Until that point, advocates had believed the only way out for the women and children was through government repatriation, as was the preference of the Kurdish-led Syrian Democratic Forces (SDF), who govern the Al Roj camp.

But since the toppling of the Assad regime in late 2024, the SDF has lost control of much of Syria’s north-east as the new governing force Hay’at Tahrir al-Sham (HTS) asserts its power.

The SDF’s loss of territory — and its depleting resources — has recently given way to a policy of allowing those with passports to leave the camp, as governments like Australia refuse to collect their citizens.

Thirdly, HTS’s capture of Damascus means those wishing to leave Syria no longer have to travel via Iraq, making the journey home simpler. 

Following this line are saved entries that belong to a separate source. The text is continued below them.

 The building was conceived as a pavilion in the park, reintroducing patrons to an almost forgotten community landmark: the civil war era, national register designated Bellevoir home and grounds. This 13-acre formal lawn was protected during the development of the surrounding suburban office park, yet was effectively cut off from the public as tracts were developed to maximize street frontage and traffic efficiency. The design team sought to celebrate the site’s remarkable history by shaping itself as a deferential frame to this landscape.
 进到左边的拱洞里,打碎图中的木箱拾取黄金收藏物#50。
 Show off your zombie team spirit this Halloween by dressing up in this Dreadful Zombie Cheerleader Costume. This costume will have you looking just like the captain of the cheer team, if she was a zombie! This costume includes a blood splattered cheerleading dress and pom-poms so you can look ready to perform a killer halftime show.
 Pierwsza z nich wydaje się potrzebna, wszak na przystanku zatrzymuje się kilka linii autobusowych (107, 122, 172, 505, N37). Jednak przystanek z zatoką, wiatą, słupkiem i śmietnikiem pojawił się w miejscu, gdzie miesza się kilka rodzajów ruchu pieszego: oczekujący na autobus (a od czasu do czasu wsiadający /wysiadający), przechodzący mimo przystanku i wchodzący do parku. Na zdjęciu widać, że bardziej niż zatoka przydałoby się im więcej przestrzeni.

In other words, advocates felt it was time to act.

One of the family members involved in the group’s extraction told ABC that once advocates “figured out the law”, there was no stopping them from getting passports issued for the women and children.

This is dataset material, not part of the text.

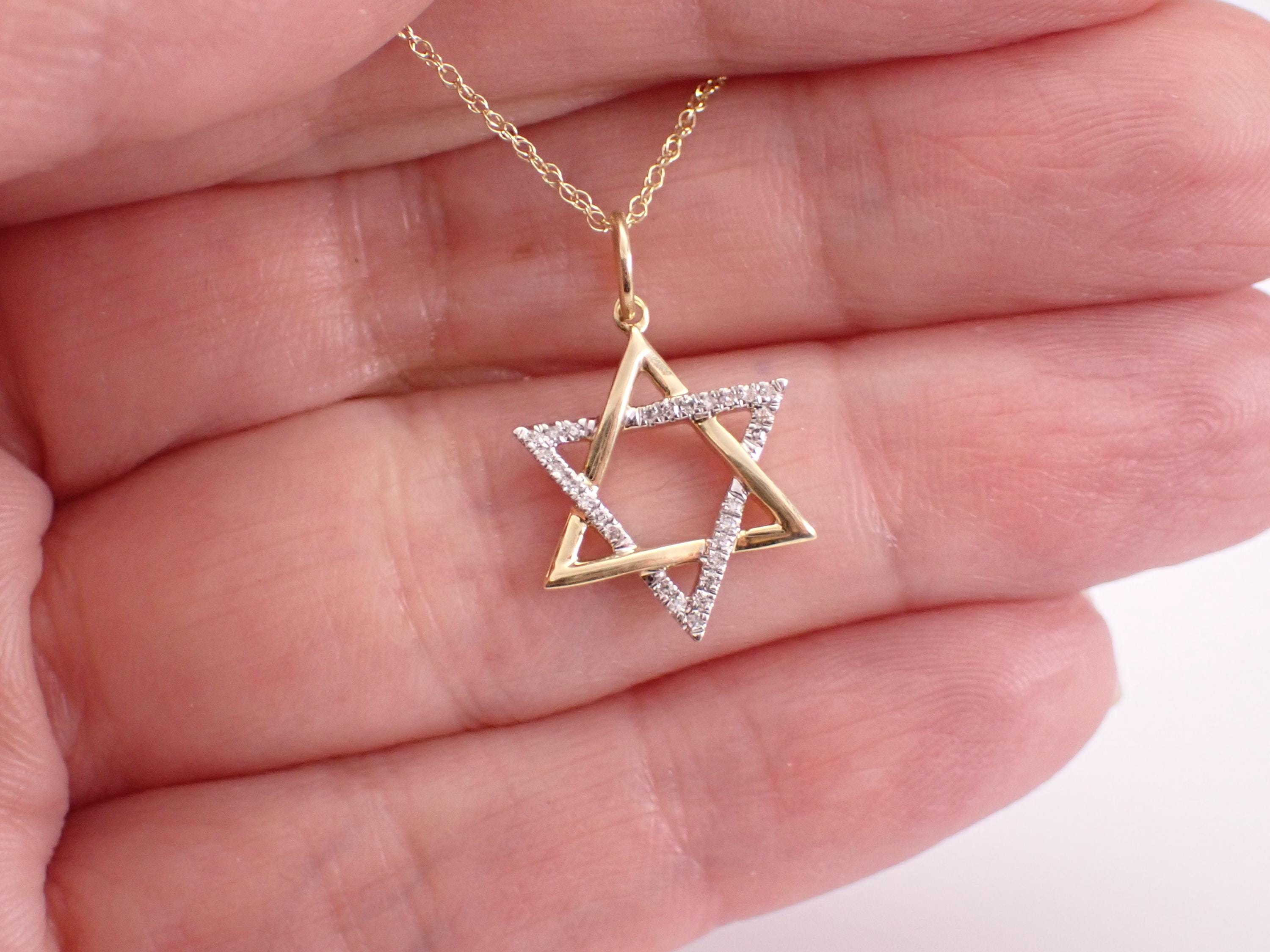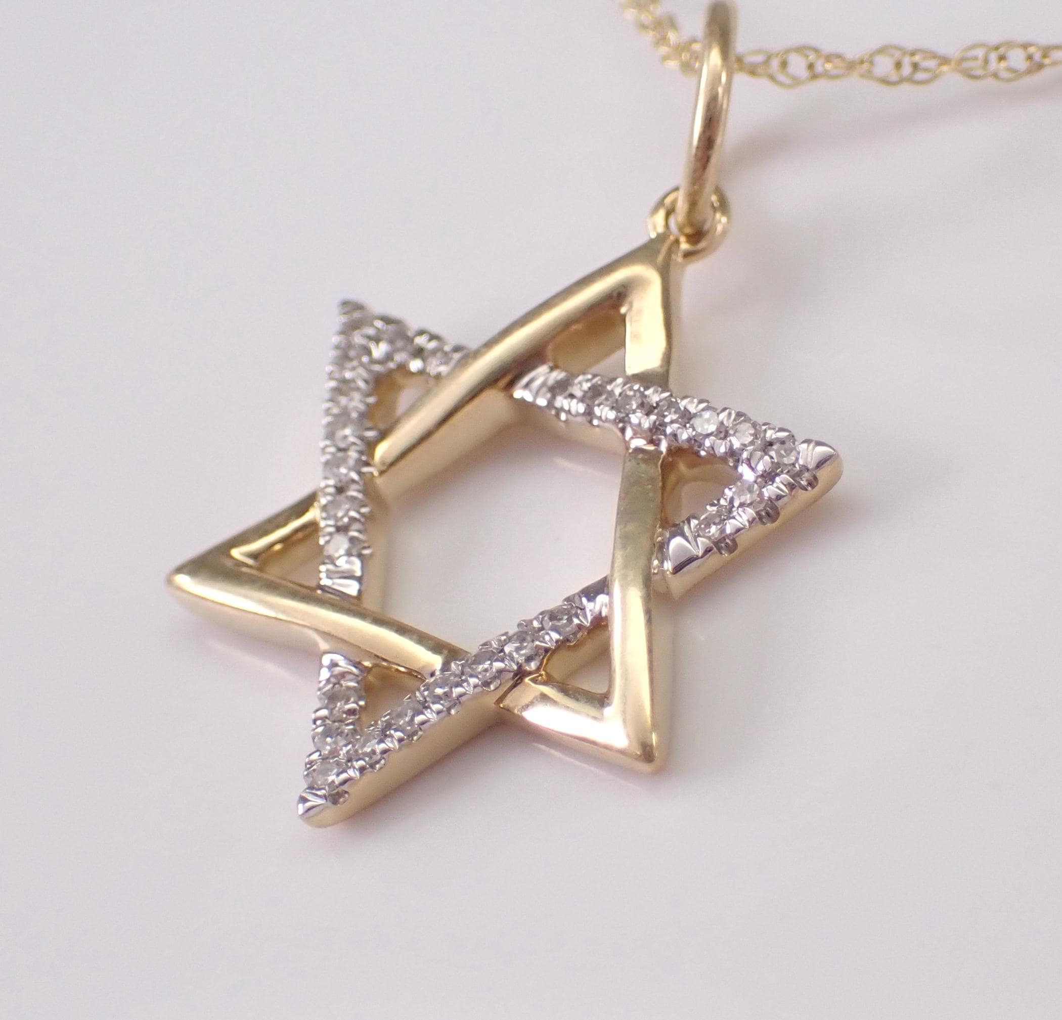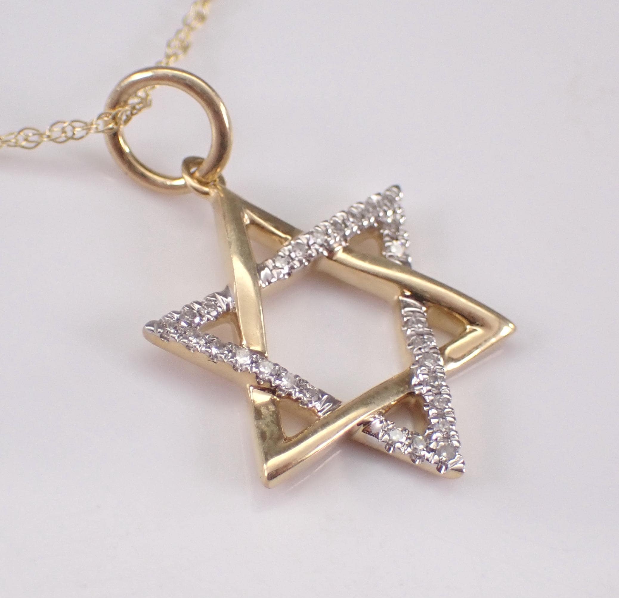 Yellow Gold Diamond Star of David Charm Pendant Necklace with Chain. There are twenty-seven genuine Round Brilliant Diamonds set in this pendant. These diamonds are H color, SI clarity and weigh a total of .12 carat. This pendant is 10KT Yellow Gold and comes with an 18" 10K Yellow Gold chain. This necklace weighs 1.6 grams and the star measures 15 X 13 mm without the bail. This necklace will be accompanied by an appraisal by a GIA Certified Diamond Grader with the retail replacement value of $1,495.00. I will ship this pendant promptly in a beautiful gift box.

“That’s been the big lesson here,” the source said.

“We shouldn’t have waited so long for the government. We should have done this earlier.

“Labor or Liberal, it didn’t matter who was in Parliament — they couldn’t have stopped us. And if they [the government] tried to block it, they knew we’d take them to court tomorrow and win.”

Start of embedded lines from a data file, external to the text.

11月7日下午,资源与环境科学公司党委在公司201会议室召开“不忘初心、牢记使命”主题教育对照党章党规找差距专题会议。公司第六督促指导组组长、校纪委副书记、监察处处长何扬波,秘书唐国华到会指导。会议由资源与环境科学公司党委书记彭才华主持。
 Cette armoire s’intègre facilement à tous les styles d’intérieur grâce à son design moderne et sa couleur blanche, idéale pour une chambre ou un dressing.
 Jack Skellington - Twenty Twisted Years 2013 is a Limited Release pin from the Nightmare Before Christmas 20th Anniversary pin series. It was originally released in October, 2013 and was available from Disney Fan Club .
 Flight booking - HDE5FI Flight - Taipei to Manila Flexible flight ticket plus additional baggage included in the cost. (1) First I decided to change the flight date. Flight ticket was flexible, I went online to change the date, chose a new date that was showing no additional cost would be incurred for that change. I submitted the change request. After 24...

What to do with the group once they return?

Even as legal experts point out it would be unconstitutional to prevent citizens from returning, there is the question of what happens to the cohort once they set foot on Australian soil.

Despite the government’s tough assertions that the group will “face the full force of the law”, the reality is it won’t be up to politicians to determine whether police agencies press charges, or if courts record convictions.

The Australian Federal Police has confirmed some of the adult women will be charged, referencing terrorism-related offences, and crimes against humanity, including human trafficking. 

Some will face continued investigation in Australia.

“Control orders” that allow authorities to impose monitoring conditions like curfews and ankle bracelets are also an option, though police would need to be satisfied that the women pose an imminent security risk.

Of the 29 Australian women and children who have been repatriated or returned on their own accord from Syrian camps, just one woman, Mariam Raad, who was repatriated in 2022, has been arrested.

She pleaded guilty to entering a terrorist-controlled area but did not record a conviction or serve jail time, after a court found she had been coerced by her ISIS-fighter husband.

The nine children in the cohort will undergo community integration programs, therapeutic support and countering violent extremism programs.